Mohon tunggu...
Adi Putra
Adi Putra Mohon Tunggu... Dosen - Dosen STT Pelita Dunia

Bonum est Faciendum et Prosequendum et Malum Vitandum

Selanjutnya

Tutup

Sosbud

Marah yang Benar

28 Juni 2021   16:07 Diperbarui: 28 Juni 2021   16:43 525
+
Laporkan Konten
Laporkan Akun
Kompasiana adalah platform blog. Konten ini menjadi tanggung jawab bloger dan tidak mewakili pandangan redaksi Kompas.
Lihat foto
Bagikan ide kreativitasmu dalam bentuk konten di Kompasiana | Sumber gambar: Freepik

Setiap kita pasti pernah marah. Bisa saja marah kepada teman, karyawan, atau anak kita. Ketika kita marah maka pasti ada faktor yang menyebabkannya. Bisa saja karena teman kita telah melakukan sesuatu yang menyakiti hati kita, bisa juga karena karyawan di kantor tidak bekerja dengan baik, bahkan bisa juga karena anak kita justru melakukan tindakan yang bertolak belakang dengan prinsip yang kita sampaikan kepadanya.

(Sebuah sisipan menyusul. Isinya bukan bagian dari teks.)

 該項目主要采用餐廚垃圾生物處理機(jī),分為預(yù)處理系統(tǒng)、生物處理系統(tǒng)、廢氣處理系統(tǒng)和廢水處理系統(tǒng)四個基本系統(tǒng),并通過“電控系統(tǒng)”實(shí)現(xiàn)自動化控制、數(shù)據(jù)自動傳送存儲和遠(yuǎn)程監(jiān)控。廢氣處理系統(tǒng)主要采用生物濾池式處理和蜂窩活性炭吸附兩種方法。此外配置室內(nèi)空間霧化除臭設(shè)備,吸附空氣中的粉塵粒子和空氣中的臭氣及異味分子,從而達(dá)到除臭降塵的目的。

Ada orang yang mengatakan, marah adalah kondisi di mana perasaan emosional meningkat dan tidak terkendali dari perasaan seperti biasanya. Sekalipun sebenarnya marah dapat dipahami sebagai emosi yang ditandai oleh pertentangan terhadap seseorang yang disebabkan karena merasa telah diperlakukan tidak benar atau tidak adil. Sekalipun demikian, penyebab seseorang marah sangat variatif atau tidak semua sama.

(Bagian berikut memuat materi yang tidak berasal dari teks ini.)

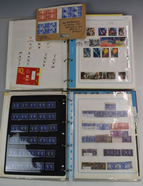 GB mint and used stamp collection in eight folders from QV to QEII including postal history, banknotes etc. High face value.
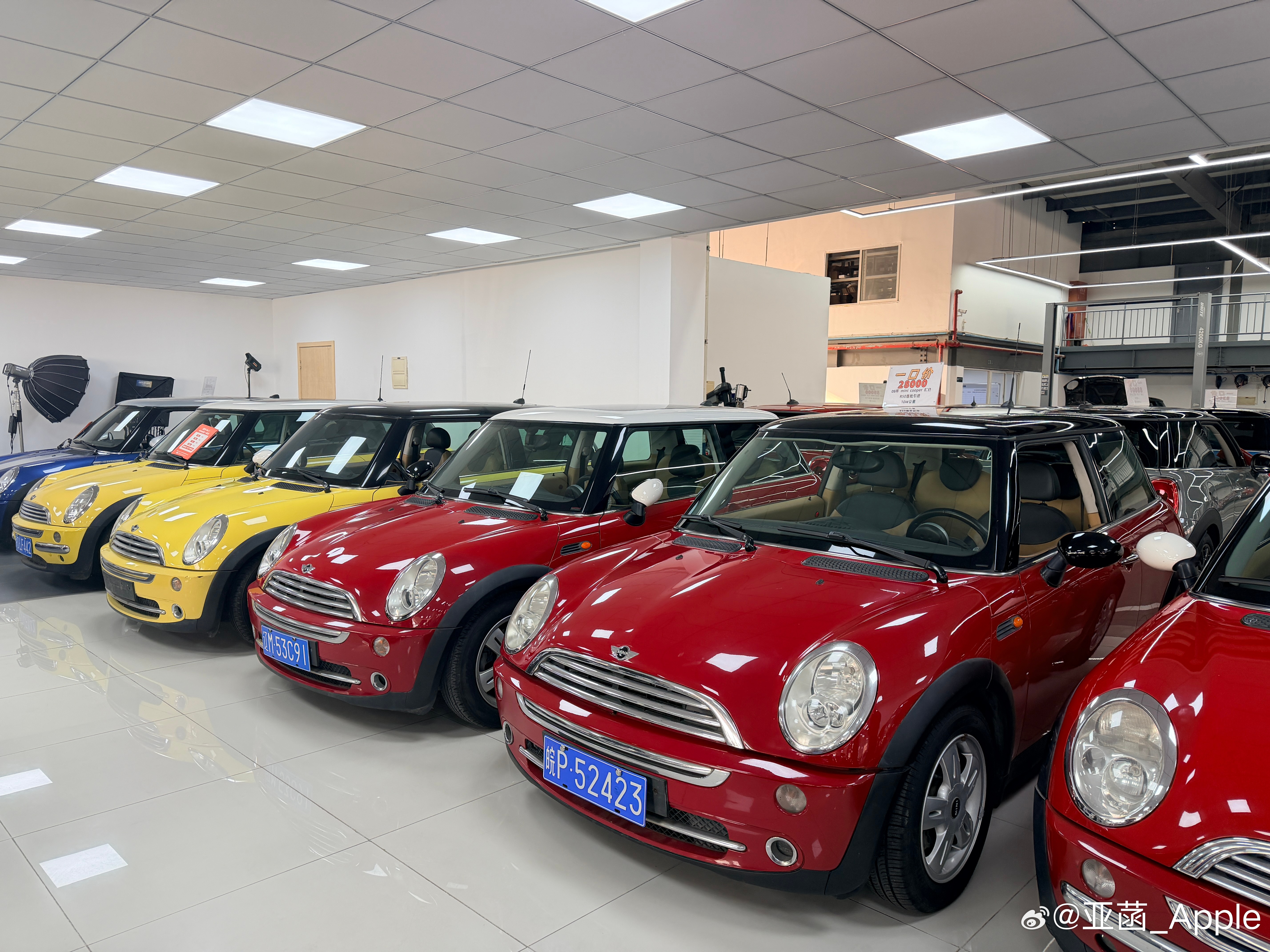 今天陪朋友买MINI 一进展厅oh my god 简直掉进MINI窝了 价格从两万多到138万不等各种颜色各个年份的MINI 朋友一整个挑花眼菡你来看车汽场全开
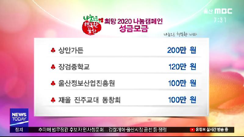 다음은 '희망 2020 나눔캠페인'에 참여해주신 분입니다. ㈜덕양 임직원 일동 5,133만 원 효성㈜울산공장 4,600만 원 삼영순화㈜온산공장 임직원 일동 1,139만 원 서연이화와 서연이화협력회 500만 원 울산광역시산림조합 500만 원 울산시문화관광해설사회 225만 원 대한유화노동조합 200만 원 세상을 아름답게 만드는 사람...
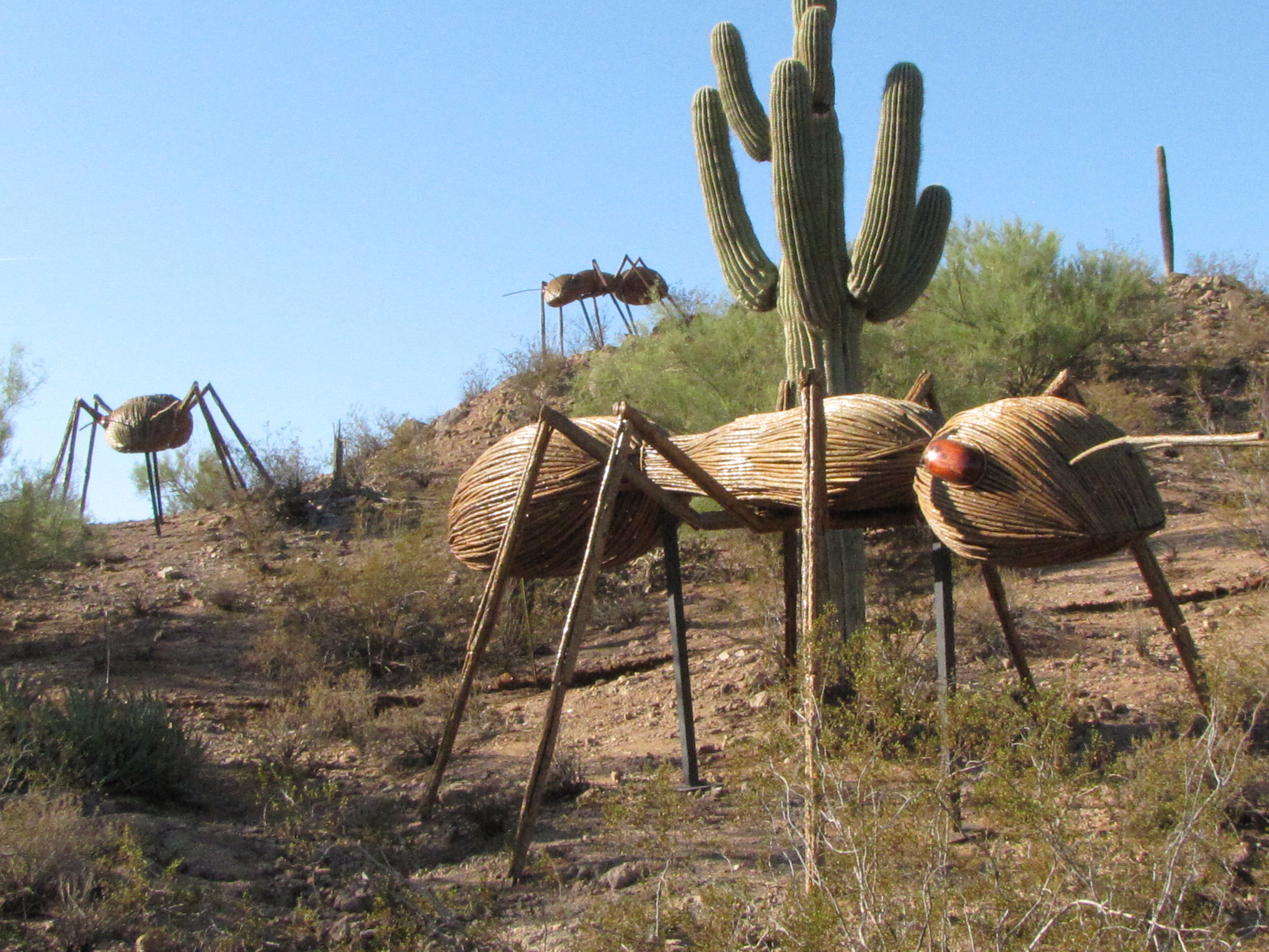 On the Sonoran Living Nature Loop Trail was my favorite part of the exhibit – three large ants coming down the mountain…
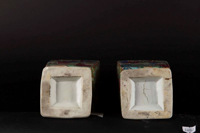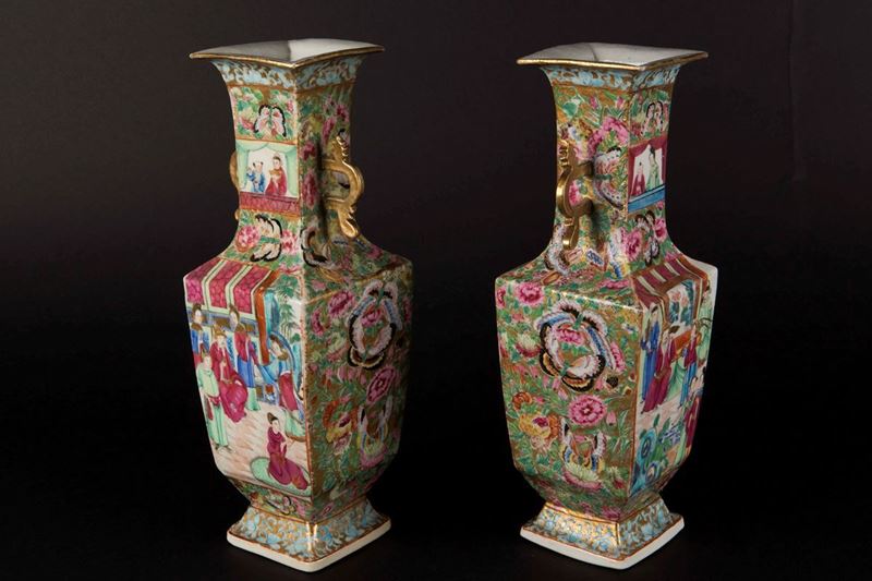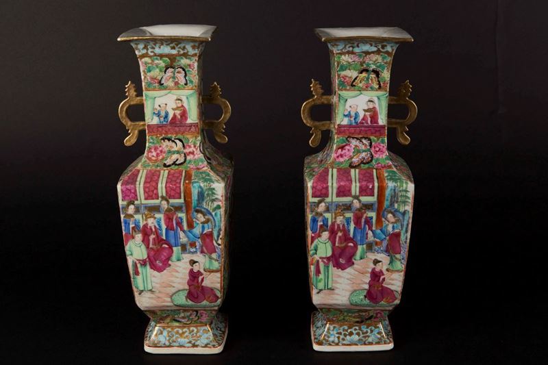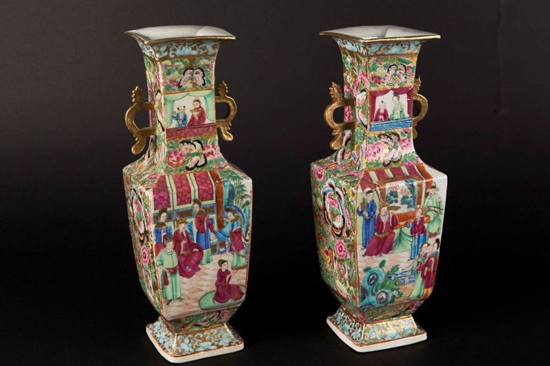 Coppia di vasetti in porcellana a smalti policromi con scene di vita di corte a doppia ansa, Cina, Dinastia Qing, XIX sec [..]
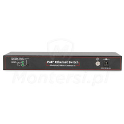 - Wbudowane 2 porty UPLINK fast ethernet, do podłączenia rejestratora lub innego urządzenia sieciowego (10 / 100 Mb/s)

Alkitab mengajarkan kita tentang marah yang benar dan marah yang tidak benar. Marah yang benar biasanya karena melihat telah terjadi ketidakadilan, telah terjadi kejahatan, telah terjadi kompromi, sehingga merugikan hak orang lain. Sedangkan marah yang tidak benar adalah emosi yang tidak terkontrol yang muncul dari dalam diri seseorang untuk membela dirinya dan kepentingannya sendiri.

Yesus pernah marah ketika melihat Bait Allah di Yerusalem dijadikan sarang penyamun oleh orang-orang Yahudi (Mat. 21:12-17; Mrk. 11:15-19;Luk. 19:45-48; dan Yoh. 2:13-16). Yesus melihat Bait Allah telah menjadi cemar, kotor, bau, karena telah dipenuhi oleh orang-orang yang korup dan hanya mencari keuntungan sendiri. Mereka tidak lagi menghormati Bait Allah sebagai tempat menyembah Allah, tempat perjumpaan dengan Allah, malah di sana menjadi pusat kejahatan yang menjijikkan bagi Tuhan.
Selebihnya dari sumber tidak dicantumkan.